* The New York-based Black Star News saw unprecedented site traffic when it first published an editorial critical of the viral “Kony 2012″ video. Now the site has followed up with an investigative scoop that has gotten the local investigative outfit even more attention:
Invisible Children, makers of KONY2012, provided an intelligence tip to Uganda’s security apparatus leading to arrests of several suspected regime opponents, according to U.S. embassy cables posted by WikiLeaks.
The San Diego-based group has since 2008 acted in concert with the Ugandan government in coordinating public relations campaigns to promote a military solution against the Lord’s Resistance Army (LRA), while keeping the U.S. administration informed.
* As we have noted, street vendors face all kinds of challenges in New York City. But one former street vendor discovered that running a brick-and-mortar food business can be a struggle too, DNAinfo reported:
A few years ago, when Judith Ruano still sold tacos and tamales out of a shopping cart, her biggest concerns were fending off tickets from police officers as well as threats from rival street vendors, who sometimes overturned her cart.
Those concerns have faded since she opened her own small restaurant, Alfa Centro America, in Hunts Point in 2010 — but a host of new concerns plague her behind the counter: health codes, payroll and revenue, to name just a few.
The article chronicles Ruano’s efforts to make her business profitable, with the advice and support of several local organizations dedicated to helping small businesses succeed.
* DNAinfo also reported on Manhattan Borough President Scott Stringer’s appointment of 40 new community board members who are under 40, including a banquet cook at the Waldorf-Astoria and a 23-year-old who mentors young Mexican-American women. Stringer himself was 16 when he first joined a community board, DNAinfo noted.
Many new members own small businesses, including Wilson Tang, 33, who runs the 90-year-old Chinatown fixture, Nom Wah Tea Parlor, which has been in his family for decades.

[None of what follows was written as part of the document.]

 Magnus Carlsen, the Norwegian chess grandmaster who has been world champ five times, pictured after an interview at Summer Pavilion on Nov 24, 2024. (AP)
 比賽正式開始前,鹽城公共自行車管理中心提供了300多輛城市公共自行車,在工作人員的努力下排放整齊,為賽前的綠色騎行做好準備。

Tang, who grew up in Chinatown, said that he first encountered the local community board when he submitted his application for a beer and wine license.

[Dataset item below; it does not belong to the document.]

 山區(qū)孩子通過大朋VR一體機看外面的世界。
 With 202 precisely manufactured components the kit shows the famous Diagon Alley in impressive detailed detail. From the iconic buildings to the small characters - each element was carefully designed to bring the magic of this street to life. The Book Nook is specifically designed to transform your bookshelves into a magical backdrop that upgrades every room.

“I thought it was pretty cool that there was something like that,” he said of the panel that scrutinized his application. “That was pretty eye-opening.”
* A group of elected officials are demanding an investigation into allegations that Jewish women faculty at Brooklyn College have faced discrimination, The Jewish Daily Forward reported. In a letter to the chancellor of the City University of New York, the officials alleged that Brooklyn College’s provost, William Tramontano, discriminated in faculty hiring and promotion.
Brooklyn College spokesman Jeremy Thompson disputed the accusations against the provost.
“To suggest that anti-Semitism is pervasive on campus is untrue, and to suggest that Provost Tramontano is working against the hiring and promotion of Jews is absolutely untrue,” Thompson said.
While the elected officials’ letters did not cite by name any of the alleged victims of discrimination, an article in the New York Post on Tuesday named several Jewish academics who it said had been recommended by the school’s business department for jobs or promotions but had been rejected by the administration.
“Jews are having a problem with this provost,” said Hershy Friedman, the business department’s deputy chairman, according to the Post. “He’s making it harder and harder to bring in Jews. He doesn’t want Jews.”